Das Mittagessen läuft wie am Vortag ab, nur dass die Teilnehmer der Konferenz dieses Mal gewarnt sind und erstaunlich wenig Getränke bestellen. Nach dem Mittag scheint die Sonne mit aller Kraft und scheint jede Farbe auszubleichen. Die Nachmittagssession ist (nicht) erstaunlich leer. Gegen 17:30 ist der Tag zu Ende und ich gehe auch an den Strand – und es ist wie verhext. Kaum habe ich den Fuß auch nur auf den Sand am Strand gesetzt zieht eine fette Wolkenfront auf, die sich auch bis zur Nacht nicht wieder gelegt hat.

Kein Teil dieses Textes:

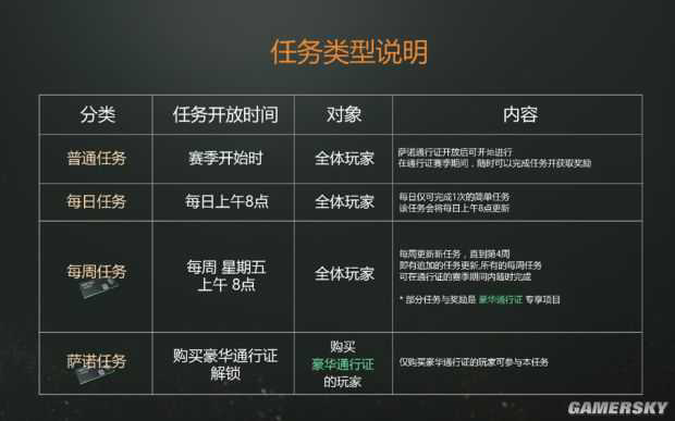 萨诺任务是豪华通行证玩家的专属任务,必须在萨诺地图完成。任务都是连锁的,必须完成第一个才能依次解锁并完成第二个第三个。一个系列的连锁任务完成可以获得额外奖励。

Später am Abend steht als Social Event das Greece BBQ auf der Agenda. Leider wurde nicht angekündigt, wo das stattfinden sollte. Daher laufen alle ein bisschen wirr auf dem Gelände des Hotels hin und her. Ich beschließe noch mal ans Meer zu gehen und schaue auf die fernen Berge. Ich hatte am Nachmittag nachgesehen, dass die Berge bereits die Türkei sind. Mir war bisher nicht bewusst, dass Samos so nah an der Türkei liegt.















Das Social Event ist im sogenannten Priority Club des Hotels. An dem Gebäude war ich am Vortag bereits vorbei gekommen, allerdings sah es da so wüst aus, dass ich gedacht habe, dass dort noch gebaut wird. Heute ist alles aufgeräumt und schön hergerichtet.















In der Mitte ist eine Bar, um die die Tische angeordnet sind. Rechts ist das Buffet für das BBG aufgebaut, links ist eine Reihe mit improvisierten Bänken aus alten Europaletten. Eine echt nette Idee und alles zusammen sehr stimmig. Der vordere Teil ist weitestgehend, der hintere Teil ist gemauert. Hier steht das Beilagen- und Nachspeisenbuffet. Insgesamt ein irrer Aufwand und sehr lecker!




















Ich sitze zwischen einem potentiellen Projektpartner von INGEMA und einer Portugiesin von Fraunhofer, die sich einen Spaß daraus macht Portugiesisch mit dem Spanier zu sprechen, da sie sein Spanisch versteht, er aber ihr Portugiesisch nicht. Als er frech wird, scheißt sie mit ihrer Serviette und ich bin mir nicht sicher, ob ich dazwischen sehr gut sitze. Die Gesellschaft ist aber sehr nett und bei weitem angenehmer als der Chinese, der schräg gegenüber sitzt und sich unglaublich gerne reden hört. Abgerundet wird der Abend von griechischen Folkloretanz.